## Problem to solve
Reprint every line of the data, keeping each character intact.

[Excerpts from a dataset]
....
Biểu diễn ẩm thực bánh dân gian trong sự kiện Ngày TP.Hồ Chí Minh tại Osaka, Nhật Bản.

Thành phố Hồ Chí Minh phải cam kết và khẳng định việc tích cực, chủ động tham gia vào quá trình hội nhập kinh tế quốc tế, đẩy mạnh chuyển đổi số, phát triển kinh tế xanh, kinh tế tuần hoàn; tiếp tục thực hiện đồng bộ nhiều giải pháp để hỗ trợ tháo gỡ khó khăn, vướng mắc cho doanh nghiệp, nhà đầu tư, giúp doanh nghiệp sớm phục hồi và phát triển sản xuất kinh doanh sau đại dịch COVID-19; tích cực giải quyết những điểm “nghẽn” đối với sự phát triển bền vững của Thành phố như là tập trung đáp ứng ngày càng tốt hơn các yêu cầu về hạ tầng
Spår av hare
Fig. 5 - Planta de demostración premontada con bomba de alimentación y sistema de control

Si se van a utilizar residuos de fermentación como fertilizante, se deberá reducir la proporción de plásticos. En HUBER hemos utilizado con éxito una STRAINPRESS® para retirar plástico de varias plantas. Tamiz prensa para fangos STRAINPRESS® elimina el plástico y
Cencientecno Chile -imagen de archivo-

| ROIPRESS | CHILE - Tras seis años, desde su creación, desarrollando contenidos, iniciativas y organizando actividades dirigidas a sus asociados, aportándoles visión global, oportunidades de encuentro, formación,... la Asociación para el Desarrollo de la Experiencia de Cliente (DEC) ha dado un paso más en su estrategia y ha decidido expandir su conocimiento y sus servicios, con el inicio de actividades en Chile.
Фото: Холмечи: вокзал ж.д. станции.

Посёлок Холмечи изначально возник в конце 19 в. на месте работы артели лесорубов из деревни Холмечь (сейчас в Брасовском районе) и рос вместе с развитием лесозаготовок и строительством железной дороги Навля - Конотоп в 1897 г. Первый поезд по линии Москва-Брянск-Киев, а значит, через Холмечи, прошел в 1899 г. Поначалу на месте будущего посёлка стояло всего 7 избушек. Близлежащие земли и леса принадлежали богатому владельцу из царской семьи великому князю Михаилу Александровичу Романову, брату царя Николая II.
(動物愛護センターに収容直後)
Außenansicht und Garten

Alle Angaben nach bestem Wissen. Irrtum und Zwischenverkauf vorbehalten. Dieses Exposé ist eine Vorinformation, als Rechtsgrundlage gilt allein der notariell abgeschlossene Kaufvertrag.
....
## Result of this exercise
Biểu diễn ẩm thực bánh dân gian trong sự kiện Ngày TP.Hồ Chí Minh tại Osaka, Nhật Bản.

Thành phố Hồ Chí Minh phải cam kết và khẳng định việc tích cực, chủ động tham gia vào quá trình hội nhập kinh tế quốc tế, đẩy mạnh chuyển đổi số, phát triển kinh tế xanh, kinh tế tuần hoàn; tiếp tục thực hiện đồng bộ nhiều giải pháp để hỗ trợ tháo gỡ khó khăn, vướng mắc cho doanh nghiệp, nhà đầu tư, giúp doanh nghiệp sớm phục hồi và phát triển sản xuất kinh doanh sau đại dịch COVID-19; tích cực giải quyết những điểm “nghẽn” đối với sự phát triển bền vững của Thành phố như là tập trung đáp ứng ngày càng tốt hơn các yêu cầu về hạ tầng
Spår av hare
Fig. 5 - Planta de demostración premontada con bomba de alimentación y sistema de control

Si se van a utilizar residuos de fermentación como fertilizante, se deberá reducir la proporción de plásticos. En HUBER hemos utilizado con éxito una STRAINPRESS® para retirar plástico de varias plantas. Tamiz prensa para fangos STRAINPRESS® elimina el plástico y
Cencientecno Chile -imagen de archivo-

| ROIPRESS | CHILE - Tras seis años, desde su creación, desarrollando contenidos, iniciativas y organizando actividades dirigidas a sus asociados, aportándoles visión global, oportunidades de encuentro, formación,... la Asociación para el Desarrollo de la Experiencia de Cliente (DEC) ha dado un paso más en su estrategia y ha decidido expandir su conocimiento y sus servicios, con el inicio de actividades en Chile.
Фото: Холмечи: вокзал ж.д. станции.

Посёлок Холмечи изначально возник в конце 19 в. на месте работы артели лесорубов из деревни Холмечь (сейчас в Брасовском районе) и рос вместе с развитием лесозаготовок и строительством железной дороги Навля - Конотоп в 1897 г. Первый поезд по линии Москва-Брянск-Киев, а значит, через Холмечи, прошел в 1899 г. Поначалу на месте будущего посёлка стояло всего 7 избушек. Близлежащие земли и леса принадлежали богатому владельцу из царской семьи великому князю Михаилу Александровичу Романову, брату царя Николая II.
(動物愛護センターに収容直後)
Außenansicht und Garten

Alle Angaben nach bestem Wissen. Irrtum und Zwischenverkauf vorbehalten. Dieses Exposé ist eine Vorinformation, als Rechtsgrundlage gilt allein der notariell abgeschlossene Kaufvertrag.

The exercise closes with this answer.